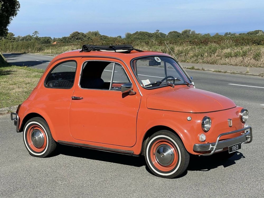The Fiat 500L offered here was first registered in Torino, Italy in November 1971. The ‘L’ or ‘Lusso’ model was a mildly improved version of the standard ‘F’ model. No mechanical changes of note, other than the fitment of radial tyres, the changes were to exterior brightwork and a more luxurious interior specification - luxurious being perhaps a rather grand description in this instance! The floor was now carpeted rather than simple rubber mats and some storage space was provided with a centre tunnel tray and improved door pockets. A new integrated instrument binnacle (with a fuel gauge!) was fitted in a matt black finished dashboard.
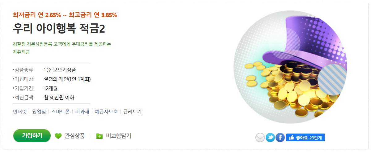 | 우리아이 행복 2 | 2.65% | 3.85% | 50만 원 |
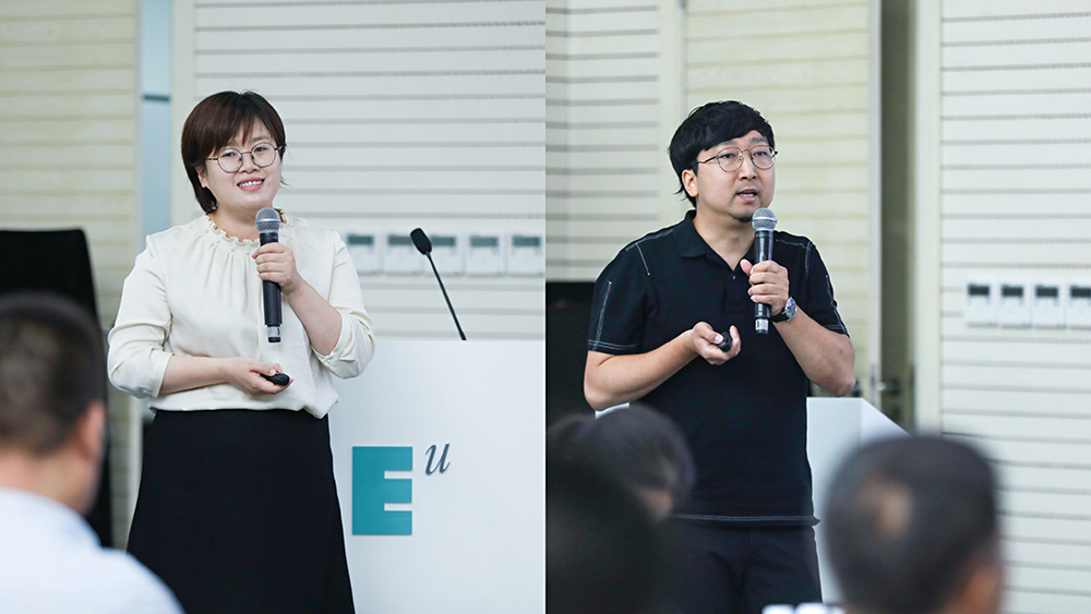 (图四)教务处副处长张娜和艾德艺术设计学院郭治辉老师作教学改革分享
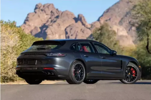 车尾部分,保时捷K1采用溜背式猎装造型,尾部线条简洁流畅,搭配贯穿式LED尾灯,点亮后视觉效果出众,夜间辨识度极高。尾灯下方的黑色装饰条与车头进气格栅形成呼应,进一步提升了整车的整体性与精致感。隐藏式排气布局简约低调,却难掩其狂暴性能,而双边共四出的排气装饰件,巧妙增添了一丝运动氛围,兼顾了豪华感与运动感,完美契合猎装SUV的定位。
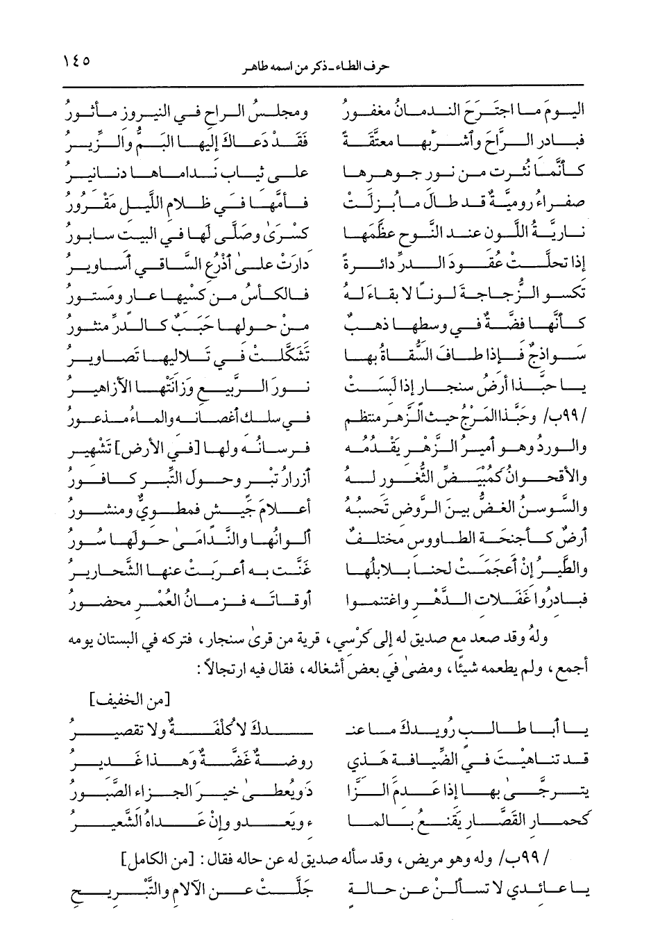/99 ب/ وحبَّذا المرج حيث الزَّهر منتظم ... في سلك أغصانه والماء مذعور
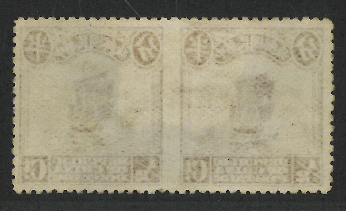 1913年倫敦版帆船1分橫雙連新,帶中縫漏齒變異(陳目209b),原膠無貼。(Image 1) (Image 2)
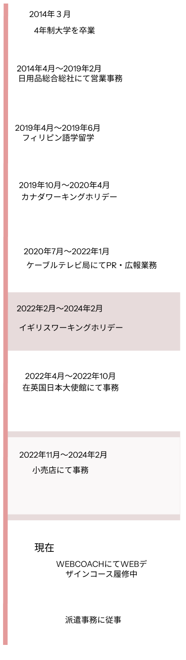 | 2022年11月〜2024年2月 英国、小売店にて事務 |
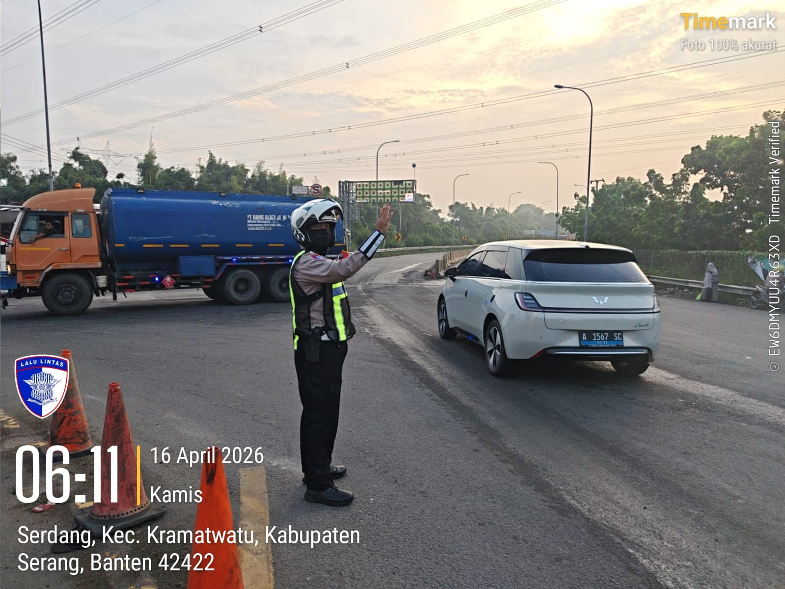 Cilegon, Satlantas Polres Cilegon Polda Banten – Berikan pelayanan kepada masyarakat Kasat lantas Polres Cilegon AKP Ridwan memerintahkan jajaran lalulintas untuk melaksanakan pengaturan lalu lintas di penggal – penggal jalan yang rawan kemacetan di Kota Cilegon, (Kamis,16/4/2026)
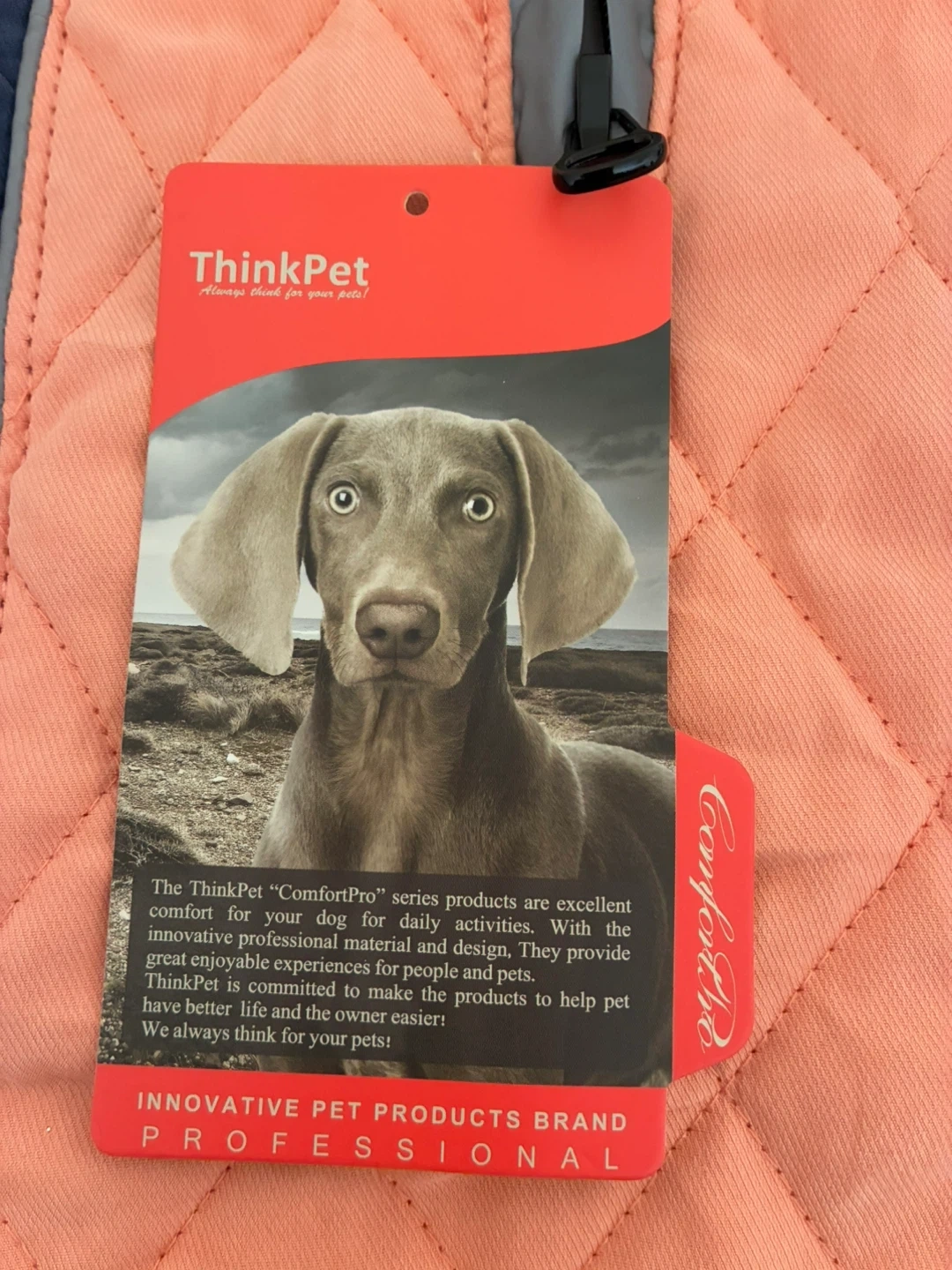 This is a ThinkPet ComfortPro series dog coat. It's designed for daily activities with innovative professional material and design. The coat is a mix of peach and blue. It's in great condition and ready for your furry friend!
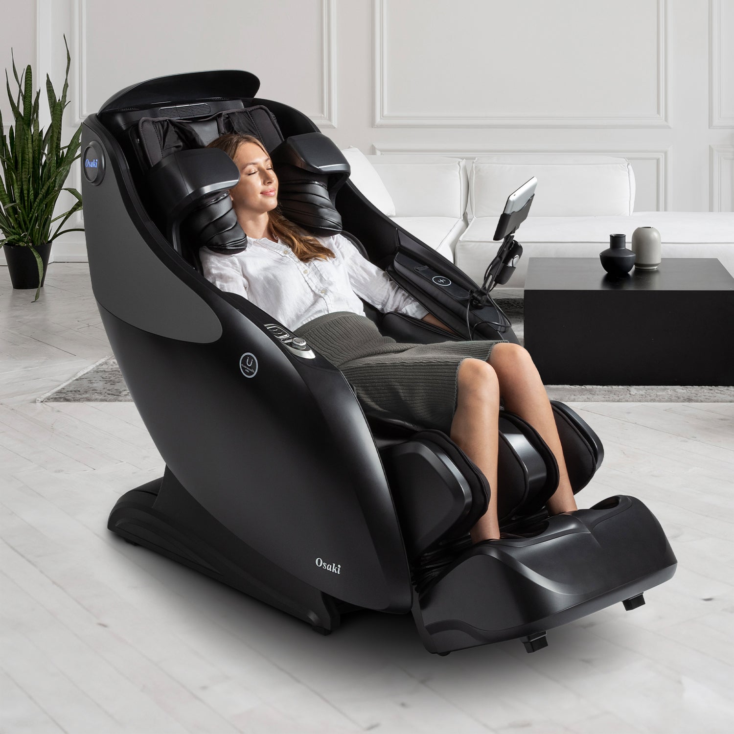Alleviate muscle tension, reduce stress, and promote relaxation using the Osaki Master 4D+. This new revolutionary massage chair provides advanced features such as a thorough shoulder massage, muscle tension detection, and zero gravity positionings, which can be utilized with the Osaki Premium Master app or a call to Alexa.
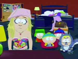 3月20日,動畫片《南方公園》中的布蘭妮,先是因為受不了狗仔的圍堵而吞槍自殺,之后沒了半個頭的她還以去年參加MTV頒獎禮時的造型現(xiàn)身演出。
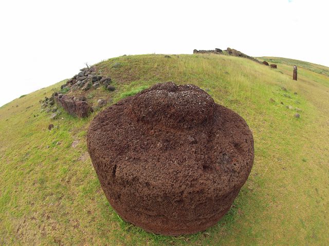 Te Puna Pau Ist der Ort, wo die große Brötchen, dass die Moai abgedeckt extrahiert und waren bereit (die meisten von ihnen haben nicht mitnehmen). Die alten Inselbewohner geöffnet diesem Steinbruch nachträglich in eine der vielen zufälligen Kegeln der Insel. Die roten Felsen verwendet, um die pukao machen ist sehr weich, da sie durch vulkanische Schlacke gebildet wird. Die eigentliche Schwierigkeit der Bildhauer konfrontiert wurde extrahiert diese Hüte aus dem Krater, und besonders, rollte sie über sorgfältig, um sie ohne Beschädigung zu transportieren. Viele glauben, dass aufgrund des Fehlens von Instrumenten wie Kräne, wer die Moai erstplatzierten der pukao auf ihren Köpfen, und dann hob er den ganzen Satz mit einem System, das aus häufen Steine und mit Hebeln bestand aufgehoben. Heyerdahl führte das Experiment in Anakena im Jahr 1956. Das Gewicht des pukao reichte von 9 bis 12 Tonnen. | |
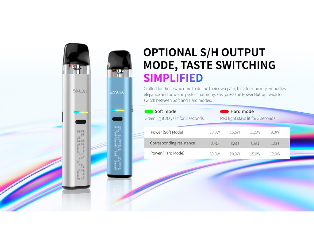 Bleskové přepínání výkonu - Inteligentní elektronika automaticky rozpozná typ připojené cartridge a nastaví vhodný výstupní výkon. Zároveň automaticky aktivuje žhavení při každém potáhnutí z náustku. Novo Eco se tak v podstatě ovládá úplně stejně jako jednorázová cigareta. Avšak pouhým stiskem jediného tlačítka umí přepínat mezi režimy nízkého a vysokého výkonu, čímž získáte jedinečnou možnost přizpůsobit si chuť i výslednou páru vašim preferencím.
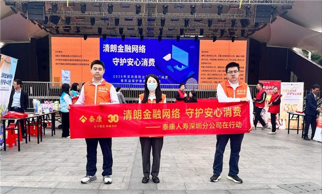 3月10日下午,在2026年“3·15”金融消费者权益保护教育宣传活动期间,泰康人寿与泰康养老深圳分公司携手参与由深圳寿险同业消保活动联盟组织开展的金融知识进社区集中宣传活动,在福田区环庆文化广场设立宣传展位,通过“折页讲解+线上阅读”相结合的方式,为社区居民普及金融消费者权益保护知识,帮助市民提升风险防范意识,守护安心消费环境。
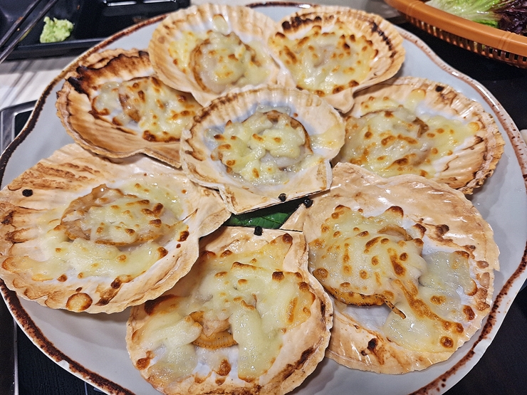 회를 먹었던 어느 날, 회를 먹다 느끼한 것이 먹고 싶어서 가리비 치즈 구이를 주문했다. 근데 왜 회 사진이 없는지 모르겠네. 가리비 치즈 구이는 가리비의 짭짤한 맛과 치즈의 고소하고 느끼한 맛이 잘 어울렸다. 가리비 구이 한 점에 소주 한 잔 마시면 천국이 따로 없지.
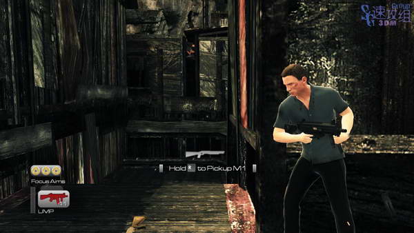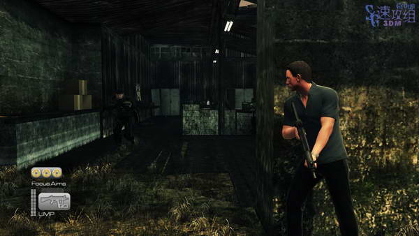 沿着走廊前进,干掉两个敌人后上楼,楼上门口捡起自己的枪和手机,然后用手机开门后出去。
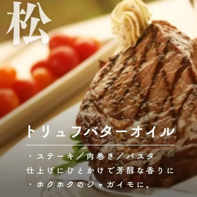 <トリュフバターオイル醤油>白トリュフの華やかな香りとバターのコクが食欲をそそる香り特化型。(おすすめ:ステーキ、ローストビーフ、リゾット)
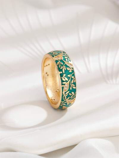 1pc Cubic Zirconia & Leaf Decor Ring Copper Jewelry

### WHAT YOU WILL DO
Starting at the line above that has "车尾部分,保时捷K1采用溜背" and ending at the line that has "This is a ThinkPet", copy each line exactly, leaving the pictures out and adding nothing.

### RESPONSE TO THIS EXERCISE
 车尾部分,保时捷K1采用溜背式猎装造型,尾部线条简洁流畅,搭配贯穿式LED尾灯,点亮后视觉效果出众,夜间辨识度极高。尾灯下方的黑色装饰条与车头进气格栅形成呼应,进一步提升了整车的整体性与精致感。隐藏式排气布局简约低调,却难掩其狂暴性能,而双边共四出的排气装饰件,巧妙增添了一丝运动氛围,兼顾了豪华感与运动感,完美契合猎装SUV的定位。
/99 ب/ وحبَّذا المرج حيث الزَّهر منتظم ... في سلك أغصانه والماء مذعور
 1913年倫敦版帆船1分橫雙連新,帶中縫漏齒變異(陳目209b),原膠無貼。(Image 1) (Image 2)
 | 2022年11月〜2024年2月 英国、小売店にて事務 |
 Cilegon, Satlantas Polres Cilegon Polda Banten – Berikan pelayanan kepada masyarakat Kasat lantas Polres Cilegon AKP Ridwan memerintahkan jajaran lalulintas untuk melaksanakan pengaturan lalu lintas di penggal – penggal jalan yang rawan kemacetan di Kota Cilegon, (Kamis,16/4/2026)
 This is a ThinkPet ComfortPro series dog coat. It's designed for daily activities with innovative professional material and design. The coat is a mix of peach and blue. It's in great condition and ready for your furry friend!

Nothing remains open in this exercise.